Migrating from 1.x to 2.0

file_re 2.0 is a breaking release. The goal was to align with re as closely as a streaming file regex library reasonably can, and to remove mode keywords that had become redundant. This guide walks through each behavior change and shows the mechanical migration for existing call sites.

If you are adopting 2.0, read this guide top to bottom. Most of the changes are a rename or a default.

Minimum Python 3.9

file_re 2.0 drops support for Python 3.8. CPython 3.9 through 3.13 are supported, and wheels are published for each. If you are still on 3.8, pin file_re < 2.

multiline=True is now the default

In 1.x, multiline=True opted into loading the whole file into memory so patterns could span lines. This is now the default behavior and there is no multiline keyword.

Before (1.x):

file_re.search(r"<body>[\s\S]+</body>", path, multiline=True)

After (2.0):

file_re.search(r"<body>[\s\S]+</body>", path)

The new knob that controls memory usage is max_span_lines, which defaults to None (load the whole file). See Large files and max_span_lines for how to pick a value for streaming scans.

num_lines=N is now max_span_lines=N

The sliding-window mode has been renamed for clarity. Replace the keyword; the semantics of the N value are the same.

Before (1.x):

file_re.search(r"hi\nword", path, num_lines=2)
file_re.findall(r"hi\nworld", path, num_lines=2)

After (2.0):

file_re.search(r"hi\nword", path, max_span_lines=2)
file_re.findall(r"hi\nworld", path, max_span_lines=2)

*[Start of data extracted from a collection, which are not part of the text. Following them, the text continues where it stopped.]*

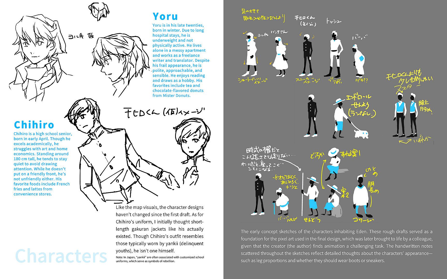 In addition to the core visuals, the book also includes early concept sketches, character profiles for Yoru and Chihiro, as well as a glimpse into the development process through light commentary from the creator. Whether you want to explore the game’s art in detail or discover its behind-the-scenes elements, this art book offers a complete visual journey into the world of Haru to Shura.
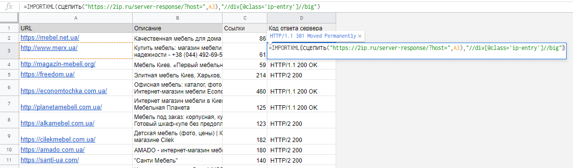 А чтобы быстро проверить коды ответа сервера страниц, подставьте xpath «//div//big» и введите URL онлайн-сервиса, который определяет код ответа сервера страниц. Формула будет выглядеть так:
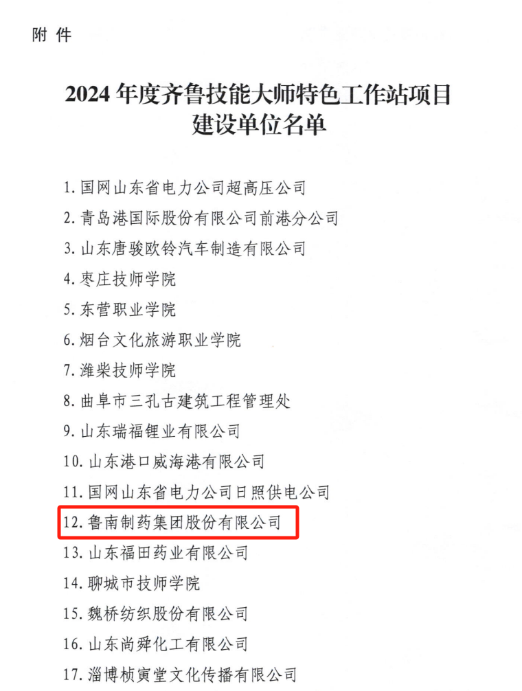 近日,山東省人力資源和社會保障廳發(fā)布《關(guān)于公布2024年度齊魯技能大師特色工作站項(xiàng)目建設(shè)單位的通知》,魯南制藥集團(tuán)股份有限公司獲批齊魯技能大師特色工作站。
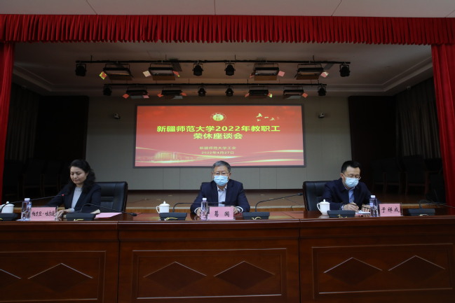 座谈会上,于祥成宣读了《致退休教职工的一封信》,原纪律检查委员会副书记阿巴斯·买买提、原体育学院教师沈林作为退休教师代表发言,校领导为退休教职工赠送荣休纪念册。

max_span_lines=1 now explicitly selects the line-by-line streaming mode. In 1.x the “default mode” was implicitly line-by-line; in 2.0 that behavior is reached by passing max_span_lines=1 explicitly.

search() in window mode now returns the first match

1.x tried to return a “longer” match by continuing to scan for num_lines additional lines after a hit. The comparison logic was incorrect (it compared absolute end offsets rather than match length), so the behavior was effectively “usually the first match, but occasionally a later one.” 2.0 replaces this with the same contract as re.search() against the full concatenated text: the first match wins.

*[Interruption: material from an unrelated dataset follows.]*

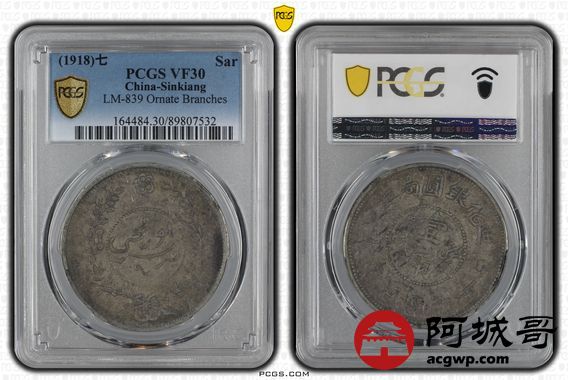 Lot:5 原味 包浆 迪化七年一两 PCGS VF30

If you relied on 1.x returning the longest match, iterate explicitly:

from file_re import file_re

longest = max(
    file_re.finditer(r"(hi\n)+", path, max_span_lines=3),
    key=lambda m: m.end() - m.start(),
    default=None,
)

Match.groups now contains None for non-participating groups

To match re.Match, a capture group that did not participate in the match is now None in Match.groups() and Match.groupdict(). In 1.x it was the empty string "".

Before (1.x):

m = file_re.search(r"(foo)|(bar)", "foo")
m.groups()  # ('foo', '')

After (2.0):

m = file_re.search(r"(foo)|(bar)", "foo")
m.groups()  # ('foo', None)

If your code depended on the empty-string convention, the idiomatic replacement is g or "":

foo, bar = m.groups()
foo = foo or ""
bar = bar or ""

Flag changes

re.LOCALE now raises ValueError. The Rust regex crate has no locale concept, and 1.x silently ignored this flag. If you were passing it, drop it.

re.ASCII emits a UserWarning on first use, documenting that Rust’s equivalent (unicode(false)) is broader than re’s. See Flags.

re.DEBUG emits a UserWarning and is otherwise ignored.

All other common flags (re.IGNORECASE, re.MULTILINE, re.DOTALL, re.VERBOSE) now work as keyword arguments in addition to the inline (?i) directives that were the only supported form in 1.x.

New: finditer, match, and compile

2.0 adds three entry points that did not exist in 1.x:

  • finditer() — lazy iteration over matches. Preferred over findall for large files.

  • match() — anchored at start of file.

  • compile() — returns a Pattern for reuse across files.

import re
from file_re import file_re

pattern = file_re.compile(r"error: (\w+)", flags=re.IGNORECASE)
for log in ("a.log", "b.log", "c.log"):
    for match in pattern.finditer(log):
        handle(match)

Streaming \r\n handling

1.x’s streaming modes did not strip the trailing \r from Windows line endings, so patterns ending in $ or matching a final newline could behave differently on CRLF files. 2.0 normalizes line endings in all streaming paths. No code change is required, but results on CRLF-encoded files may shift if you previously worked around this.